Citigroup will be making more loans than it would have without TARP, but said in the report it will not “take excessive risk with the capital the American public and other investors have entrusted to the company.”

The bank will continue to read proposals for increased lending from its various divisions, and plans to issue quarterly reports on TARP use.

While TARP will be used to back lending efforts, Citigroup’s expenses will come out of its cash flow, the bank said.

The government has used TARP money, in many cases, to buy preferred stock in banks.

Where TARP capital sits on banks’ books, however, is just a technicality to many of Wall Street’s critics, who have harshly excoriated banks for their spending decisions.

New York state Comptroller Thomas DiNapoli reported last week that Wall Street spent $18.4 billion on bonuses for 2008; President Barack Obama called the payouts “shameful.”

Citigroup has been criticized for its corporate jets — most recently, the fact that Citigroup’s former CEO Sanford “Sandy” Weill, as a consultant to the company, had a contract that allowed him to use the jet for personal trips. (Weill and Citigroup last year agreed to terminate his consulting contract in April, and Weill on Sunday night said in a statement he would immediately stop using the corporate jet.)

Citigroup’s announcement about TARP use comes as the government tries to figure out how to help the nation’s ailing banks so they can lend more. Treasury Secretary Timothy Geithner is expected to announce new plans for rescuing the financial sector in a speech next week.

Banks are not lending massively because of three factors: Demand for loans is down due to the weak economy; there are fewer creditworthy borrowers in the weak economy; and the loans the banks already hold are expected to bring big losses in the coming quarters.

This is why banks’ cash balances have jumped by $800 billion to $1.1 trillion since August, pointed out Miller Tabak & Co. analyst Tony Crescenzi in a note last week. Crescenzi said the idea of a “bad bank,” or “aggregator bank” — which would take the bad assets off banks’ balance sheets — could encourage banks to boost lending.

Another option is having the Federal Deposit Insurance Corp. guarantee more securities issued by financial institutions.

The Federal Reserve in its quarterly survey of bank lending practices released Monday found that nearly 60 percent of banks said they tightened lending standards on credit card and other consumer loans, about the same portion as in the previous survey released in early November.
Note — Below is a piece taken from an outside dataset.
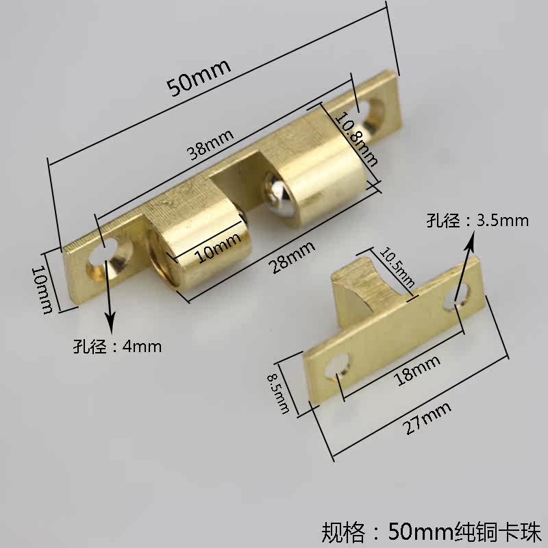 Pure copper buckle whole cabinet wardrobe door suction bead card type door touch buckle card bead medium 50mm

About 80 percent of domestic banks said they tightened lending standards on commercial real-estate loans, slightly less than the roughly 85 percent that reported doing so in the previous survey.

In January, Citigroup reported a fourth-quarter loss of $8.29 billion — its fifth straight quarterly deficit — and announced that it would be splitting into two parts. One portion, Citicorp, will focus on traditional banking around the world, while the other, Citi Holdings, will manage the company’s riskier assets and tougher-to-run ventures.

The company has also made some significant changes at the board level.

Robert Rubin, a former U.S. Treasury Secretary, in January said he would be retiring from Citigroup’s board. Less than two weeks later, Win Bischoff, chairman since December 2007, announced his retirement, too. Longtime board member Richard Parsons, the former CEO of Time Warner Inc., became the new Citigroup chairman.